Table of Contents
What Is NumPy?
NumPy is a popular Python library for working with numbers and arrays of data. It is especially important in data science because it lets you:
- Store large sets of numbers efficiently
- Do math on whole arrays at once (vectorized operations)
- Work with data in a way that is similar to Excel tables or mathematical matrices
In most code, NumPy is imported like this:
import numpy as np
You will see np used a lot as the short name.
Installing and Importing NumPy
If NumPy is not already installed, you can install it using pip in the terminal:
pip install numpyThen, in your Python script or interactive session:
import numpy as np
Now you can use everything in NumPy with the np. prefix, such as np.array(), np.mean(), and more.

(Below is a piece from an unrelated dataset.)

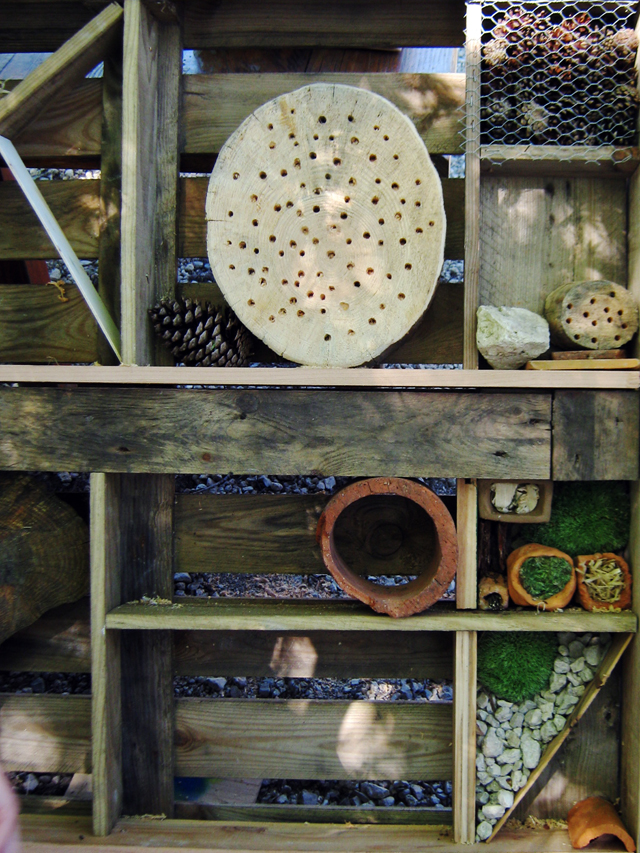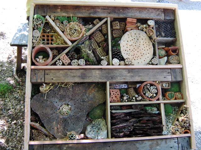 Après avoir découvert le monde des petites bêtes terrestres et aquatiques lors des activités (voir la page découverte du milieu), les enfants commenceront à se questionner sur l’intérêt de leur offrir un lieu de vie et de protection. Quelle forme pourrait prendre notre hôtel, comment pourrions nous réaliser cette construction à moindre coup, en favorisant le matériel de récupération et le recyclage.

NumPy Arrays vs Python Lists
Python already has lists, so why use NumPy arrays?
Key differences:
- A NumPy array:
- Is usually faster and uses less memory for numeric data
- Is designed for math operations on many values at once
- Requires elements to be of (mostly) the same type (e.g., all numbers)
- A Python list:
- Can store mixed types (numbers, strings, etc.)

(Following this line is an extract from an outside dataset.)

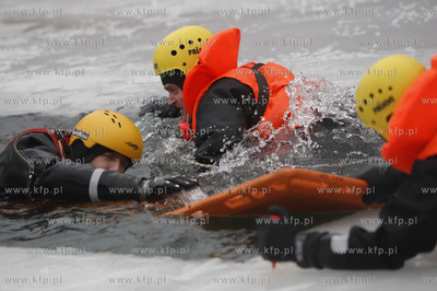 Gdynski Basen Jachtowy. Strazacy Jednostki Ratowniczo - Gasniczej nr 1 Srodmiescie cwicza ratowanie ludzi na kruchym lodzie. 13.01.2011 fot. Krzysztof Mystkowski / KFP

- Is more general-purpose, but slower for large numeric calculations
Example: a Python list vs a NumPy array:
# Python list
numbers_list = [1, 2, 3, 4]
# NumPy array
import numpy as np
numbers_array = np.array([1, 2, 3, 4])
print(numbers_list)
print(numbers_array)Both may look similar when printed, but they behave differently in math.
Creating NumPy Arrays
From Python lists
The most basic way to create an array is from a Python list:
import numpy as np
a = np.array([1, 2, 3, 4])
print(a)
print(type(a)) # <class 'numpy.ndarray'>
A NumPy array has the type numpy.ndarray (often just called an “ndarray”).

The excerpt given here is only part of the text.